*** Block opens ***

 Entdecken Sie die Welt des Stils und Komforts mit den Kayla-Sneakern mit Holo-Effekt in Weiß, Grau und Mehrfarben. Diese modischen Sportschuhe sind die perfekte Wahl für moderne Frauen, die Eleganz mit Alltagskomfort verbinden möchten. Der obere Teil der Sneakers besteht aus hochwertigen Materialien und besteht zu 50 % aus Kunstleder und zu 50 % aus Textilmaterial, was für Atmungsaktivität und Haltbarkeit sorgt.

*** Block closes ***
*** Block opens ***

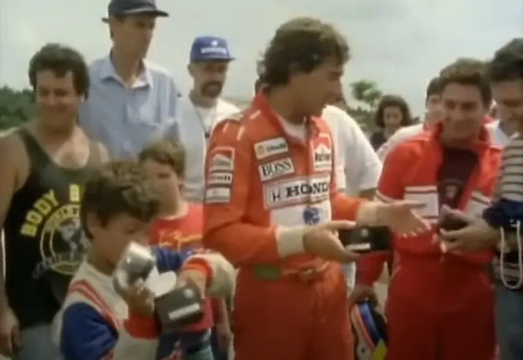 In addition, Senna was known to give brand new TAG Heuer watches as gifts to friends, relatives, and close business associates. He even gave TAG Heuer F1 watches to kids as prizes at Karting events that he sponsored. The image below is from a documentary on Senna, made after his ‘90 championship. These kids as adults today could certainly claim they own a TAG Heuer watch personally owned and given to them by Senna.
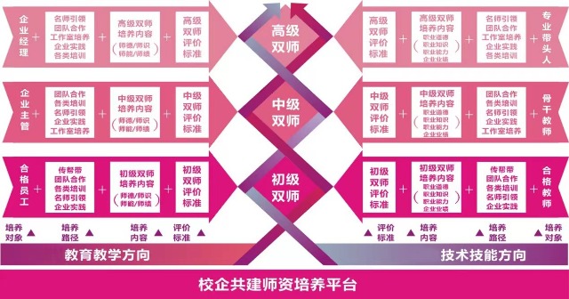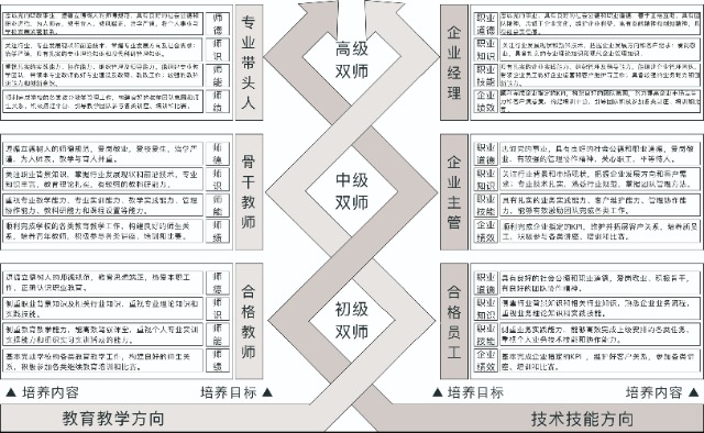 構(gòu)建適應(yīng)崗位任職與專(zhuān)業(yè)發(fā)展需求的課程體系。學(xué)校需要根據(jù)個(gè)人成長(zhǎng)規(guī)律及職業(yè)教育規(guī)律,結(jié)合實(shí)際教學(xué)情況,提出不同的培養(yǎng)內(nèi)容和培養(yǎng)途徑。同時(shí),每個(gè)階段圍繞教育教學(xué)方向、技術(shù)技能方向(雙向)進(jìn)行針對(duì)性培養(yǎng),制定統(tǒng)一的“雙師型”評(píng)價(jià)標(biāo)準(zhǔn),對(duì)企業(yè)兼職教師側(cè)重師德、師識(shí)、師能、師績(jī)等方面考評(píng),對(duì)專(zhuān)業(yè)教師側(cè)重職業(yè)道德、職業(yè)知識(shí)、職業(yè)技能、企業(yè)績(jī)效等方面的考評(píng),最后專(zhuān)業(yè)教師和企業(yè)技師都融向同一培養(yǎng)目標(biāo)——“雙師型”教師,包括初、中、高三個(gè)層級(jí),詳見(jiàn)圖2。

*** Block closes ***
*** Block opens ***

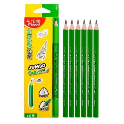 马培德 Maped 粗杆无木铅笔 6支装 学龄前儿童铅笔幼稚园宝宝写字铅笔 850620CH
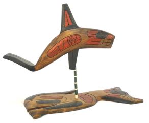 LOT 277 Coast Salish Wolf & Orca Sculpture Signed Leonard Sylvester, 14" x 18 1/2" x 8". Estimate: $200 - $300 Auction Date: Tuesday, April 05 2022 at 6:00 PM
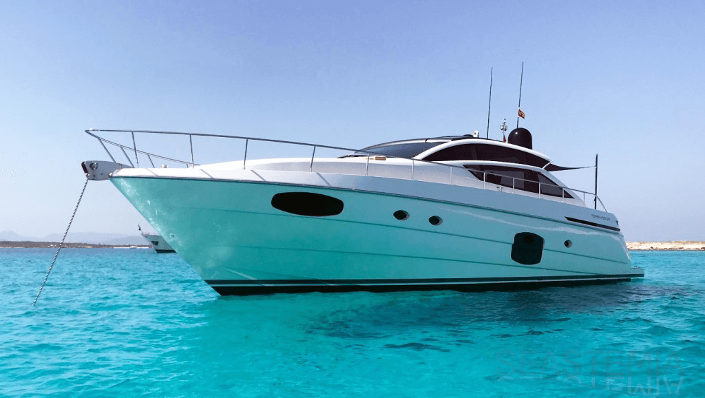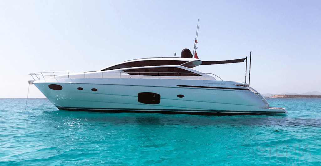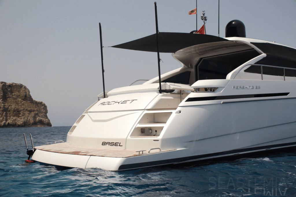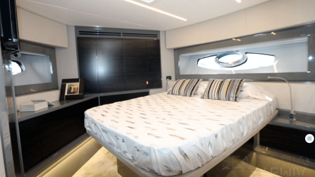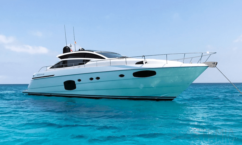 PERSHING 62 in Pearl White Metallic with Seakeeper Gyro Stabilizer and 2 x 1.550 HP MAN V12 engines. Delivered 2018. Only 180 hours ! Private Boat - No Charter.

*** Block closes ***

WORK REQUIRED - From the records above, copy only the lines running from the line holding "LOT 277 Coast" through the line holding "PERSHING 62 in", with no pictures.

RESULT OF THIS TASK -
 LOT 277 Coast Salish Wolf & Orca Sculpture Signed Leonard Sylvester, 14" x 18 1/2" x 8". Estimate: $200 - $300 Auction Date: Tuesday, April 05 2022 at 6:00 PM
 PERSHING 62 in Pearl White Metallic with Seakeeper Gyro Stabilizer and 2 x 1.550 HP MAN V12 engines. Delivered 2018. Only 180 hours ! Private Boat - No Charter.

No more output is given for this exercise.